В то время, когда на официальных экранах Югославии господствовал лобовой социалистический реализм и «партизанский» фильм, из каких-то темных щелей коллективного бессознательного в кинематографический мир вылезли чем-то недовольные молодые люди, подменившие оптимизм на пессимизм, героев на антигероев, а место действия, перенесшие на какие-то отталкивающие окраины с вечной грязью и неопрятными люмпенами. Каким образом в социалистической Югославии могли допустить такую гигантскую цензурную брешь? Представить себе подобное в Советском Союзе в это же время не представляется возможным. Идеологический фронт в нашей стране сдерживался отчаянно и грозно.
На самом деле всё было просто. Итальянцы и американцы внезапно обратили внимание на то, что в социалистической Югославии осталось больше лошадей для пеплумов и вестернов, дешевле строить декорации, а статистов для массовых сцен можно было нагнать практически даром из числа многочисленных военнослужащих. Чиновники увлеклись сотрудничеством с капиталистическими продюсерами, а тем, что творили дебютанты на местных студиях — не очень интересовались. Цензура расслабилась до немыслимого предела. Потом, правда, опомнились, но было уже поздно, ядовитые цветы черного фильма уже распространили свой аромат на крупнейших европейских фестивалях, и теперь, чтобы избавиться от них — вырвать с корнем.
Самыми известными из этих цветов были Душан Макавеев, Александр Петрович и наш сегодняшний герой – Желимир Жилник.
Жилник – типичное дитя войны.
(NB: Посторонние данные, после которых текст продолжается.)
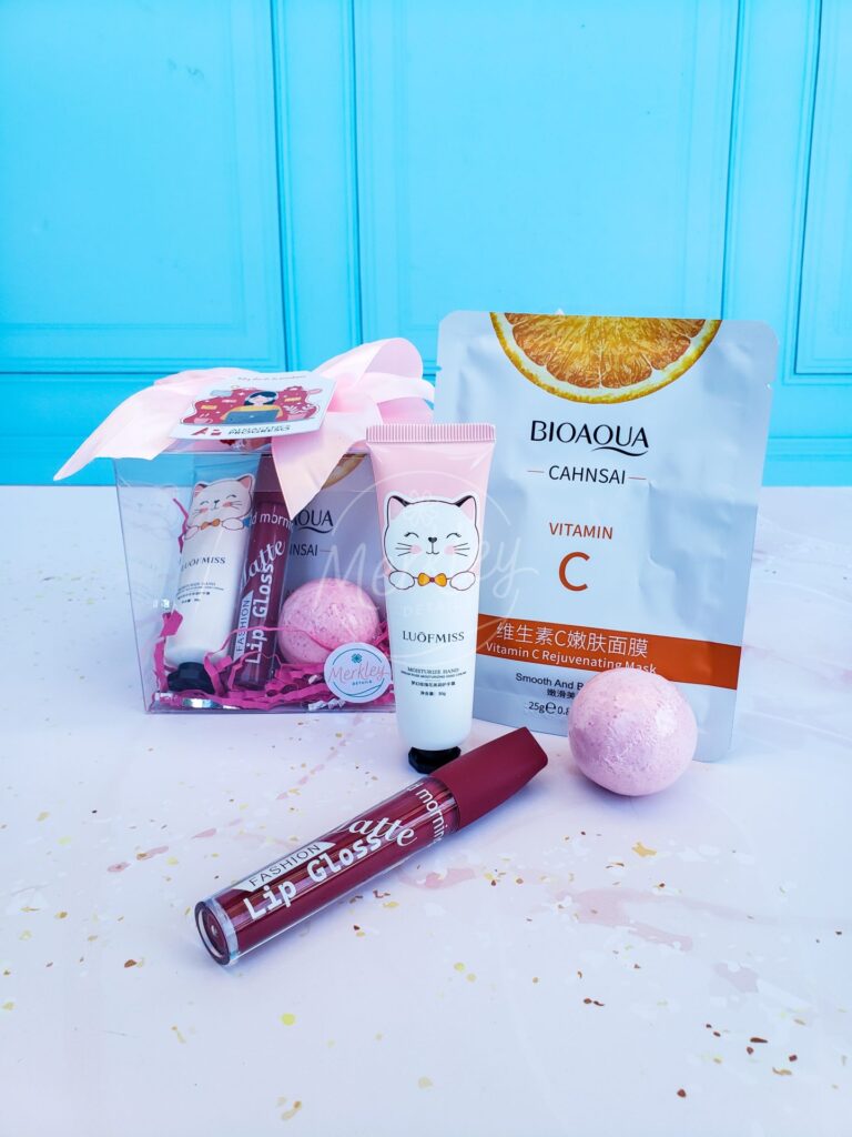 Mascarilla, brillo de labios y bath bombs, y crema de manos.

Он родился в концентрационном лагере Црвени Крст, куда была заключена его мать Милица Жилник — убежденная антифашистка и член коммунистической партии Югославии. Его удалось чудом спасти другим заключенным во время побега и передать родственникам. Мать его вскоре расстреляли. Отца, видного партизанского лидера, расстреляли четники – сербские националисты. Понятно, что светлый взгляд на мир у будущего режиссера отсутствовал априори. Кроме того, он, как «человек из ниоткуда», испытывал неизменную симпатию к себе подобным. Начиная как документалист, Жилник стремится к правдивому запечатлению своего поколения, «застрявшего в грязи» и остро нуждающегося в переменах.
Первые его работы «Кинохроника о деревенской молодежи зимой» и «Июньские беспорядки» о белградских студенческих волнениях 1968года, последовавших сразу за парижскими беспорядками, являлись потрясающим документом бурного молодежного движения и стали мощным прологом к, возможно, ключевой картине югославской черной волны – «Ранние работы».
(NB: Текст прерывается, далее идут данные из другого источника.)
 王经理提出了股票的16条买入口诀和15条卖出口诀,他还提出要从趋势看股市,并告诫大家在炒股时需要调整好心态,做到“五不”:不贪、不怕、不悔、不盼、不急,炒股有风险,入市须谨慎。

Картина вызвала такой переполох, что дошла даже до Иосипа Броза Тито — железного слесаря, всесильного югославского полудиктатора. Специально для бессменного президента был устроен закрытый показ, который продлился около 15 минут и был прерван возмущенным возгласом «Чего хотят эти сумасшедшие?».
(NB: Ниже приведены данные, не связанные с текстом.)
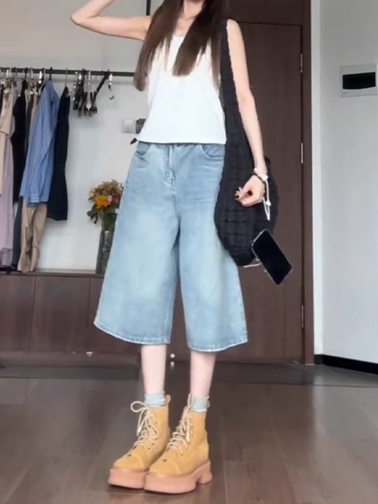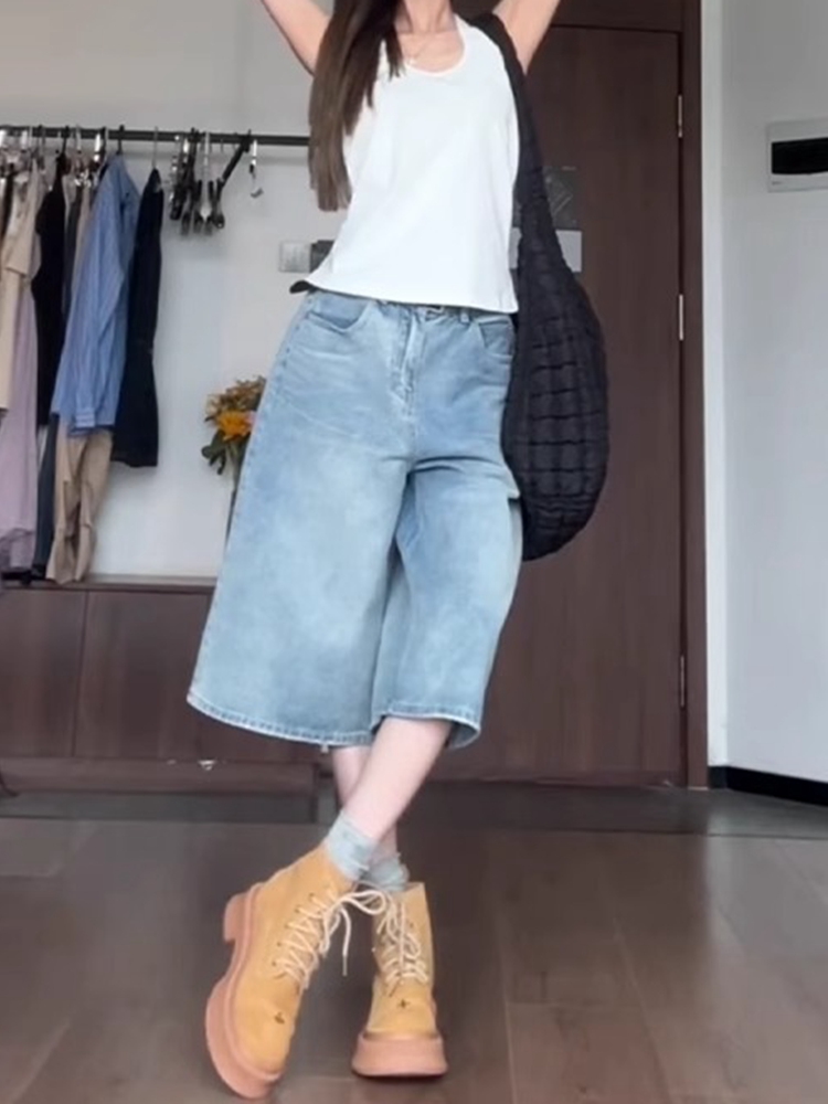Elevate your summer wardrobe with our Light Washed High Street Denim Shorts for Women, designed for ultimate comfort and style. Featuring a loose wide-leg seven-point cut, these shorts offer a relaxed fit that flatters all body types while keeping you cool on warm days. The light wash and trendy design make them a versatile fashion essential that pairs perfectly with your favorite tops. Don’t miss out on this chic addition to your collection add to your cart now and step out in style!

Так чего же они хотели? На экране четверо молодых людей (трое юношей и девушка с говорящим именем Югослава), которые с бессмысленным отчаянием бросают вызов мелкобуржуазной рутине. Со всеми сопутствующими симптомами «детской болезни левизной» они вдохновляются трудами Маркса и Энгельса (которые, кстати, указаны в титрах как соавторы сценария) и с юношеским восторгом отправляются на своем Ситроене по селам Воеводины «повышать социалистическое сознание крестьянства». Перед зрителем разворачивается череда бессмысленных действий: сизифовское упорство по толканию автомобиля в гору, сопровождаемое репликой «Стыдно ехать на автомобиле, в народ нужно идти пешком»; пинание капустных кочанов; коллективная дефекация героев, сопровождаемая неуместной политической риторикой. Навязчивое цитирование Маркса. Старый Ситроен безнадежно глохнет в первой луже. Но на него всё равно вешают красный флаг и двигаются дальше. Эта деталь приобретает особо трагическое звучание, учитывая, что точно с такими же флагами и, примерно, с той же целью «повышения социалистического сознания» советские танки вошли в Прагу. Молодые люди постоянно занимаются сексом и учатся делать коктейли Молотова. Югослава объясняет крестьянкам способы контрацепции и преподает основы женской мастурбации. А после заявления о скором отмирании на исторической арене крестьянства как класса местные избивают навязчивых идеалистов и насилуют прямо в грязи Югославу. Этот эпизод стал настоящей неожиданностью для исполнителей. Жилник, исповедовавший импровизацию, их как-то не предупредил. Зато на экране отчетливо читались те ощущения, которые испытывают все революционеры-агитаторы, когда сталкиваются с осуществлением своей самой заветной мечты – пострадать за народ, причем от рук самого народа.
Активисты идут работать на завод, где после смены, громко выкрикивая лозунги типа «Долой красную буржуазию!», пытаются привлечь внимание рабочих на несправедливость их положения. Но и тут к ним никто не прислушивается. Любопытно, что сцена решена явно с использованием скрытой камеры, что подтверждается неподдельной реакцией проходящих мимо рабочих – безразличие, короткие взгляды, недоуменное пожимание плечами, продолжение своего пути домой. Революция не для работяг. После смены на баррикады не тянет.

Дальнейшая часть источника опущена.